On the other hand, myriads of queer artists have explored radical forms of representing non-normative eroticims and sex positivity; to name a few: filmmaker Barbara Hammer, the Ridykeulouse artistic duo, the lesbian zine On Our Backs, visual artists Shawna Dempsey and Lorri Millan, painters Jenna Gribbon or Amberra Wellman, visual artist Anča Daučíková, and many more. Audre Lorde famously lauds eroticism as the core of creativity, source of strength, meaningfulness, and beauty necessary in the drudgery of struggle against heteropatriarchy and white supremacism. In interviews I carried out with queer people, I heard on several occasions about the need to reconstitute one’s erotic strength and subjectivity as a response to trauma that is a strategy of building resilience.
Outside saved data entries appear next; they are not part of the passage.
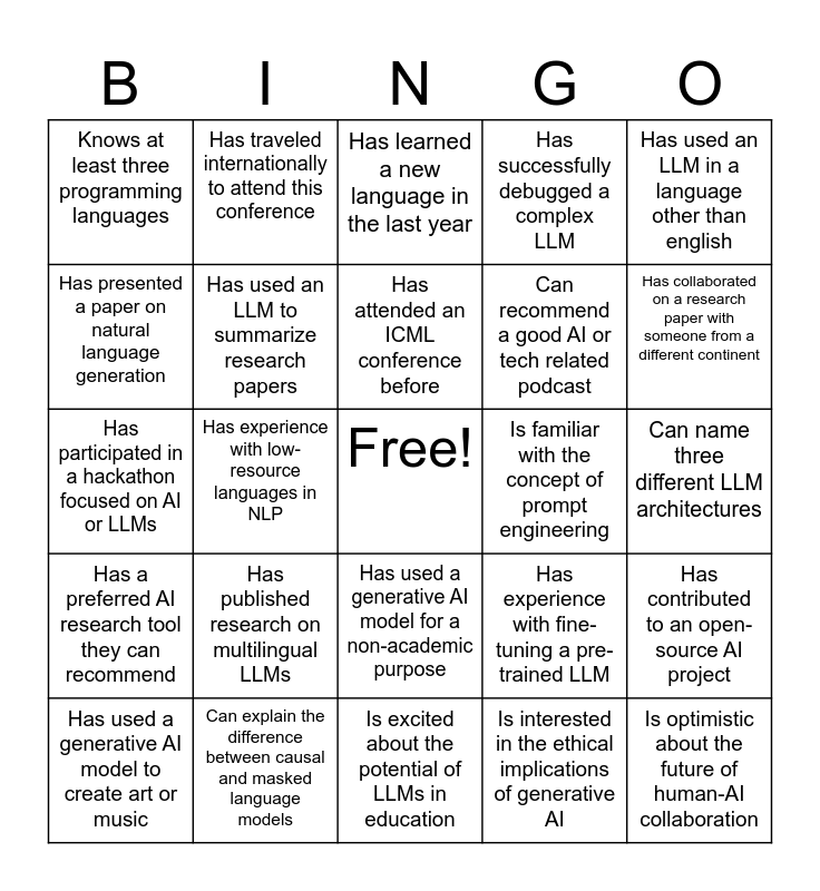 This bingo card has a free space and 24 words: Has published research on multilingual LLMs, Can explain the difference between causal and masked language models, Has attended an ICML conference before, Has used a generative AI model to create art or music, Has used an LLM in a language other than english, Knows at least three programming languages, Has presented a paper on natural language generation, Has traveled internationally to attend this conference, Is familiar with the concept of prompt engineering, Has used a generative AI model for a non-academic purpose, Can recommend a good AI or tech related podcast, Has participated in a hackathon focused on AI or LLMs, Has experience with fine-tuning a pre-trained LLM, Has contributed to an open-source AI project, Has used an LLM to summarize research papers, Is interested in the ethical implications of generative AI, Can name three different LLM architectures, Has learned a new language in the last year, Has collaborated on a research paper with someone from a different continent, Has experience with low-resource languages in NLP, Is optimistic about the future of human-AI collaboration, Has a preferred AI research tool they can recommend, Has successfully debugged a complex LLM and Is excited about the potential of LLMs in education.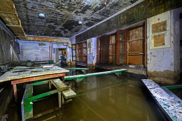 Перед нами отдельно стоящее убежище штаба Гражданской Обороны Находкинского Судоремонтного завода, возведённое во второй половине 1970-х годов. Судьба этого объекта печальна — его регулярно затапливало грунтовыми водами, иногда уровень поднимался почти до самого потолка, что в итоге привело к полному запустению и разрушению.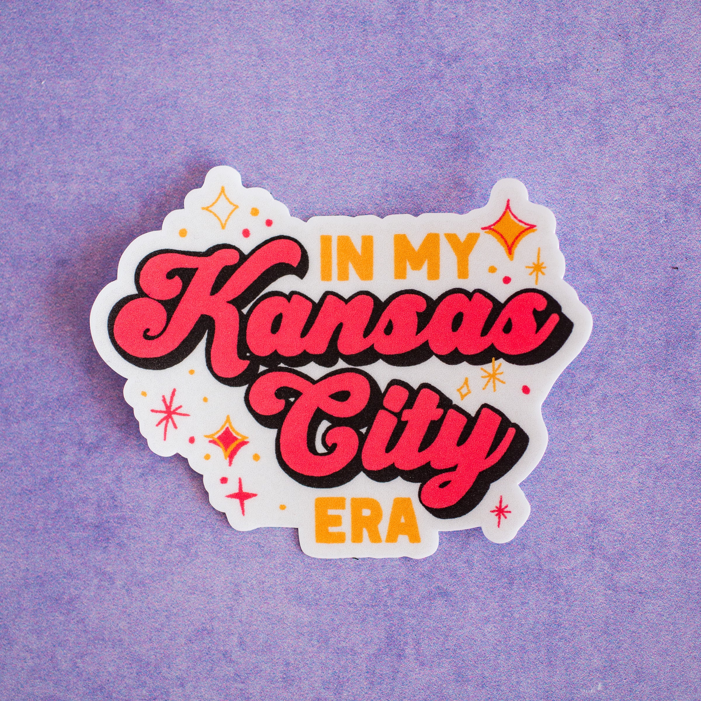In My Kansas City Era waterproof vinyl sticker. 3 inches by 2.25 inches. Waterproof, UV proof, scratch resistant, and super durable! Printed on high quality vinyl with a clear, matte laminate to seal the print.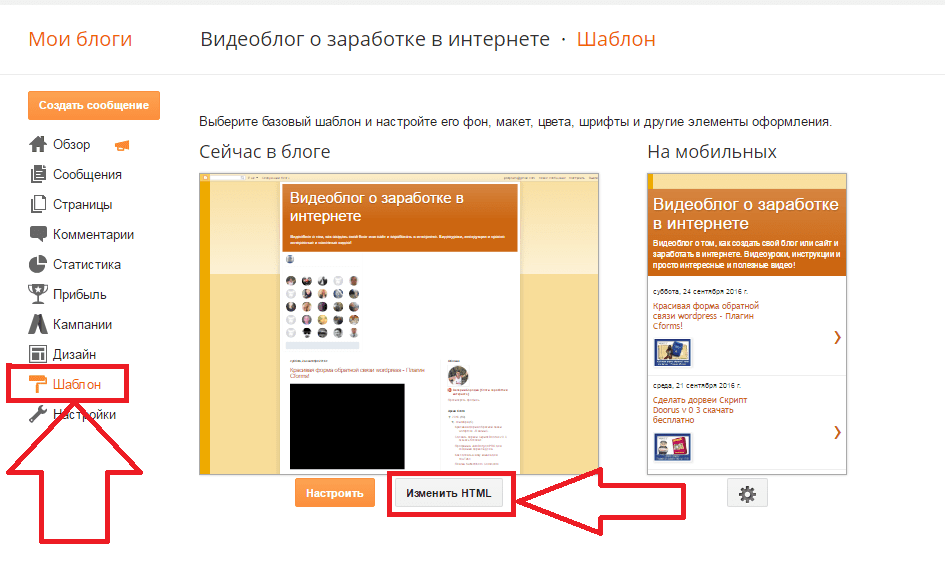 Теперь в новом блоге вам нужно зайти в настройки и далее в шаблон, тут нажмите изменить HTML:

The “good fetishism” that I chose to be the title of my dissertation project was a reference to texts of Laura Mulvey and 1970s - 1980s feminist film theory which was speculating on the psychological mechanics of the gaze as it is inherent in the dominant forms of cinematic apparatus, building its arguments upon Lacanian psychoanalysis. The objectifying gaze that fetishizes a women character’s body within a fluent classical narrative form produced by mainstream consumer cinema and TV should be contested by radical feminist artworks which experiment with form and give up the eroticized representation of women as well. In fact, women (lesbian) directors and artists who were making films and artworks even in the 1970s were exploring the dynamics of joyful representation of the erotic which was defying the pop, sexploitation mainstream visuals. Barbara Hammer, Ulrike Ottinger, Chantal Akerman, Tee Corine - these were just a few artists who were also pioneers in showing lesbian desire through an experimental art form as well. However, since I knew from personal experience that lesbian women can also lovingly consume images of 1940s film divas such
as Rita Hayworth, Talulah Bankhead, Jane Russel, or Joanne Crawford, I was wondering whether the critique of objectification might not in some circumstances be too narrow, too puritan? Where would that leave me as a visual artist?
I did not want to give up the sense of camp which for me is more than an aesthetic: the mixture of flamboyance, exaggeration, embarrassment, and seediness had been dear to my artistic expression so far and I was reluctant to give up the mode of irony and parody which is inevitably connected with camp. Along with researching a body of literature (predominantly analyses of films through the lens of queer studies and theory), during the first two years of my exploration, I created a series of paintings and illustrated a collection of lesbian poems by Andrea Vatulíková.